Allow me to offer a point of reference that comes from outside the tech debates but which can be brought to bear on them. Conservative legal scholars have long criticized a shift of power from Congress to the administrative state, which seeks to bypass legislation and rule by executive fiat through administrative rulings. The appeal of this move is that it saves one the effort of persuading others, that is, the inconvenience of democratic politics.

All of the arguments that conservatives make about the administrative state apply as well to this new thing—call it algorithmic governance—that operates in the private sector. It too is a form of power that is not required to give an account of itself and is therefore insulated from democratic pressures. Algorithmic governance predates the mass commercial adoption of AI that is now underway (and has been since the launch of ChatGPT), but the same basic issues are in play. As AI gets woven into every domain of life, the erosion of republican principles will only accelerate.

In machine learning, an array of variables is fed into deeply layered “neural nets” that simulate the binary, fire/don’t-fire synaptic connections of an animal brain. Vast amounts of data are used in a massively iterated (and, in some versions, unsupervised) training regimen. Because the strength of connections between logical nodes is highly plastic, just like neural pathways, the machine gets trained by trial and error and is able to arrive at something resembling knowledge of the world. The logic by which an AI reaches its conclusions is impossible to reconstruct even for those who built the underlying algorithms. We need to consider the significance of this in light of our political traditions.

When a court issues a decision, the judge writes an opinion in which he explains his reasoning. He grounds the decision in law, precedent, common sense, and principles that he feels obliged to articulate and defend. This is what transforms the decision from mere fiat into something that is politically legitimate: capable of securing the assent of a free people. It represents the difference between simple power and authority. One distinguishing feature of a modern liberal society is that authority is supposed to have this rational quality to it rather than appealing to, say, a special talent for priestly divination. This is our Enlightenment inheritance, and it appears to be in a fragile state. With the inscrutable arcana of data science, a new priesthood peers into a hidden layer of reality that is revealed only by a self-taught AI program the logic of which is beyond human knowing.
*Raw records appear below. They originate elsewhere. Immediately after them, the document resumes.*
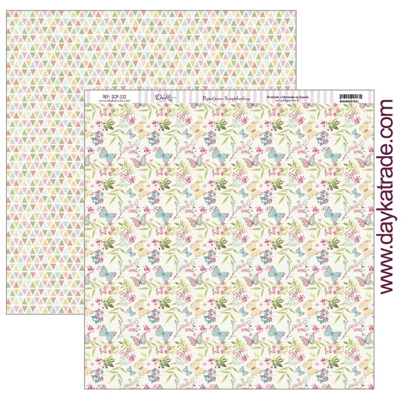 Papel scrapbooking. Mariposas y flores. Dayka.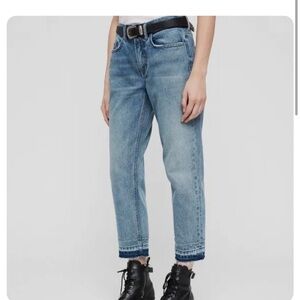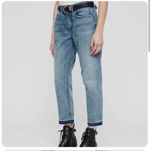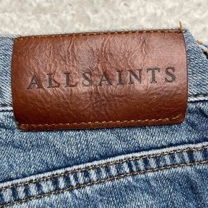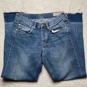 ALL SAINTS DENIM Boys Frayed Ty Jean in Mid Indigo size 25 Button Fly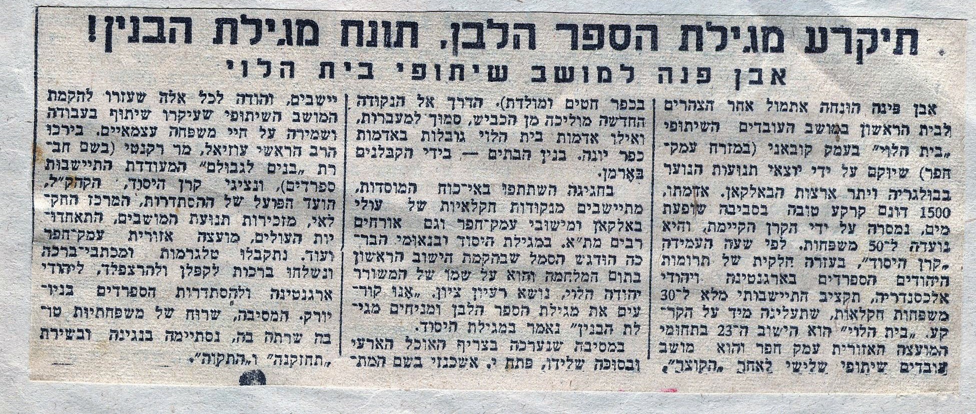 הנחת אבן הפינה וחגיגת תחילת ההתיישבות בבית הלוי אוגוסט 1945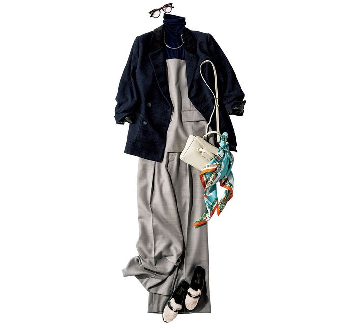 ジャケット¥30,800(カデュネ)ニット¥11,000(N.O.R.C)ビスチェ¥41,800パンツ¥41,800(ともにハイク/ボウルズ)バッグ¥50,600(ヴァジック/ヴァジックジャパン)スカーフ¥19,800(マニプリ)シューズ¥35,200(カステラーノ/フラッパーズ)メガネ¥42,900(アイヴァン/アイヴァン 東京ギャラリー)ネックレス¥71,500(ウノアエレシルバーコレション/ウノアエレ ジャパン)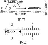 (6分)一个实验小组的同学设计了一个测量动摩擦因数的试验。如图甲所示,把弹簧测力计的一端固定在墙上,另一端与一物块A相连,用力F水平向左拉物块A下面的金属板B,金属板B向左运动,此时测力计的示数稳定(图乙中已把弹簧测力计的示数放大画出),则物块A与金属板B间的滑动摩擦力的大小是_________N。若用弹簧测力计测得物块A重13N,根据下面表格中给出的动摩擦因数,则可推算出物块A的材料是_______。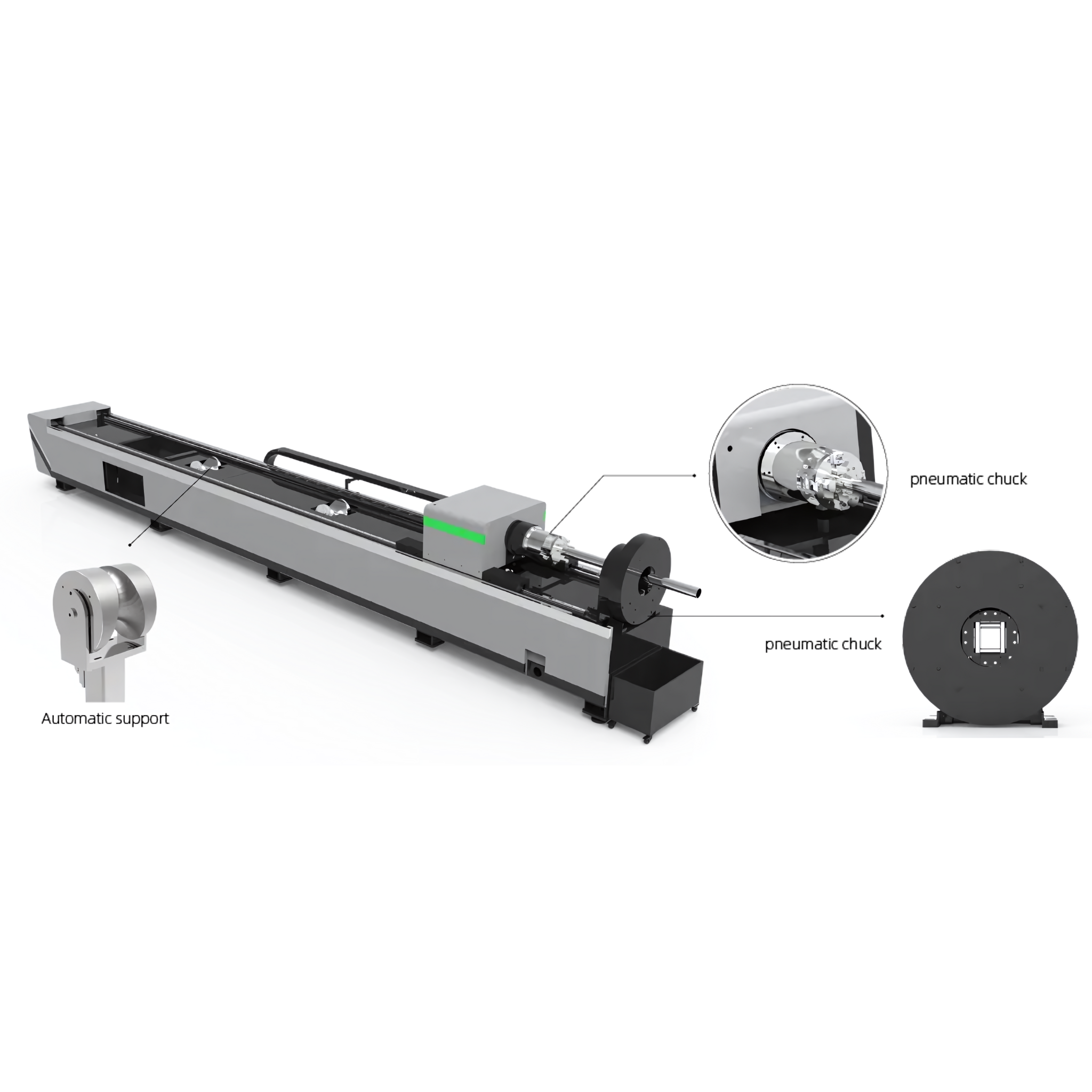 El frente y la parte trasera están equipados con un mandril neumático completamente automático..El DIA Ir Rango Ajustable NAL es de 20-220 mm.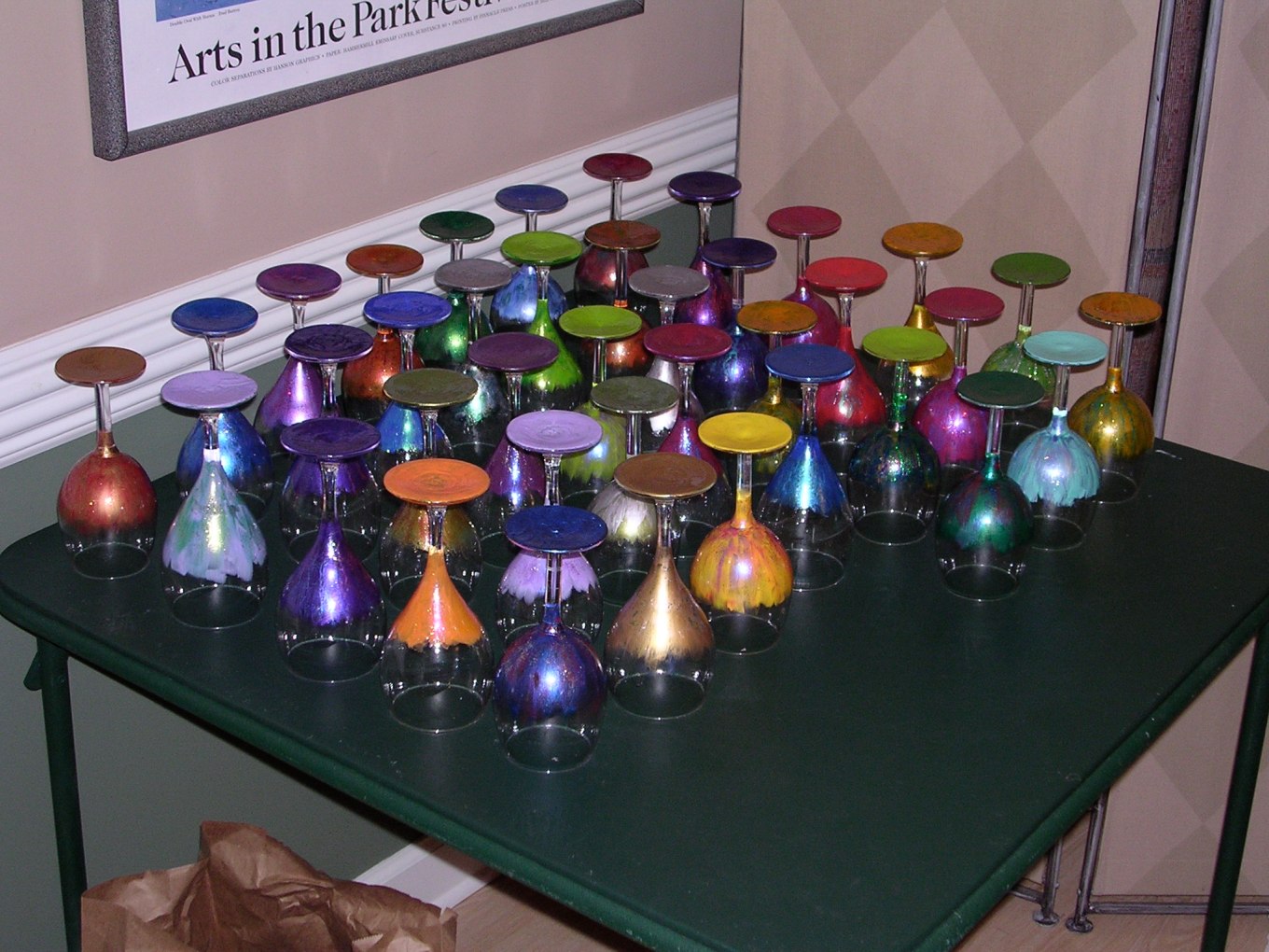 In this photo taken in 2003, our dining room became a temporary art room where my wife and her life-long friend hand painted wine glasses cranking out quite a few.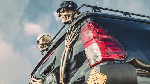 Восхищаюсь людьми, которые могут себе позволить и не боятся выделяться в серой массе. Не задумываясь об утилитарности, но оставаясь в памяти того, кто увидел их на дороге. Этот пикап Toyota Hilux точно будет оставаться в памяти встречных, это настоящий "Вестник Апокалипсиса"... Пикап универсален. В случае нападения зомби, он будет сжигать их мощными светодиодными прожекторами на расстоянии километра, а то и побольше. Зазевавшихся пешеходов в темноте, мало отличающихся от зомби, а также старушек спрятавшихся во мраке, будет распугивать череп на решетке радиатора...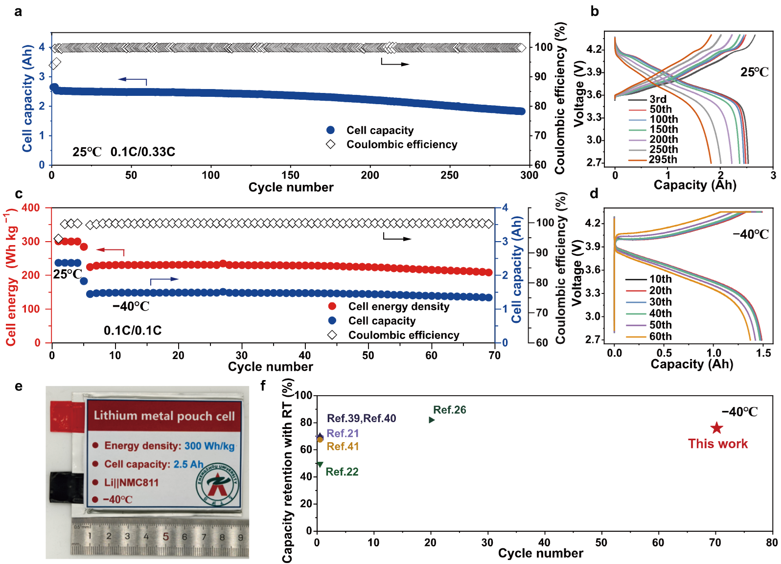 随着智能电子设备在高纬度和高海拔地区的广泛应用,商用锂离子电池在零下40℃的极端低温环境中面临容量急剧下降甚至失效的问题。锂金属电池因其负极离子传输路径较短和独特的沉积/剥离机制,被视为低温应用的潜在解决方案,但高能量密度软包电池在低温下的电解液设计与界面稳定性仍是实现其稳定循环的核心挑战。针对这一挑战,牛朝江团队提出一种“强溶剂(DME)+弱溶剂(DMC)”竞争配位策略。通过DMC破坏Li⁺与DME之间的强相互作用,诱导局部无序溶剂化结构的产生,降低Li⁺的去溶剂化能垒。同时诱导了富含无机物的电极/电解液界面层的形成,有效抑制了锂枝晶的生长,加快了界面传输动力学。结果表明,300 Wh/kg软包电池在零下40℃下可输出77%的能量,循环70次后容量保持率为93%,显著优于现有报道成果。相关成果以“Competitive Coordination Effect to Simultaneously Achieve High Energy and Stable Cycles in Li-Metal Pouch Cell under -40℃”为题发表在《Energy & Environmental Science》上。郑州大学材料科学与工程学院为第一单位,孟星星硕士为第一作者,牛朝江教授和张枭副研究员为共同通讯作者。文章链接:https://doi.org/10.1039/D5EE03522H。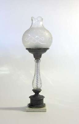 Frosted and etched shade on brass font and uncolored spiral-blown glass stem on classical columnar support.
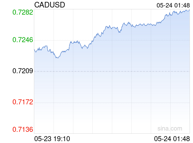05月24日 加元兑美元突破0.7282 折算100加元汇率兑523.0100人民币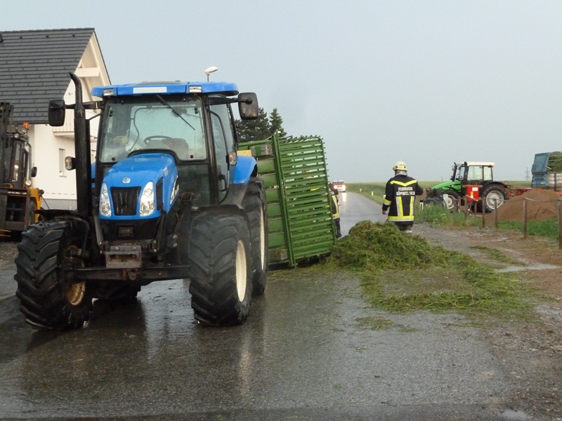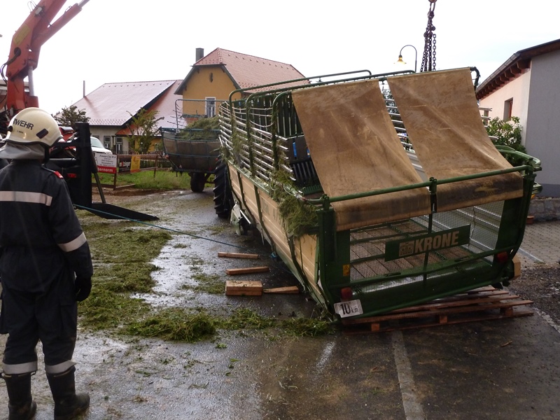 Göpfritz/Wild - Die Freiwillige Feuerwehr Göpfritz wurde am Mittwoch, dem 11. Juni 2014 um 19.43 Uhr, von Florian Niederösterreich zur Bergung eines umgestürzten Ladewaggens auf der Merkenbrechtserstraße in Göpfritz/Wild alarmiert.

The feeling that one is ruled by a class of experts who cannot be addressed and held to account has surely contributed to populist anger, however ill-focused it may be. The anger is justified, and the absence of a clear object for its focus is telling. Hannah Arendt put her finger on why bureaucracy presents a unique affront to human dignity: She called it “rule by Nobody.”REF AI promises to be a Nobody that straddles the globe—the anonymous, “immense tutelary power” that Tocqueville foresaw.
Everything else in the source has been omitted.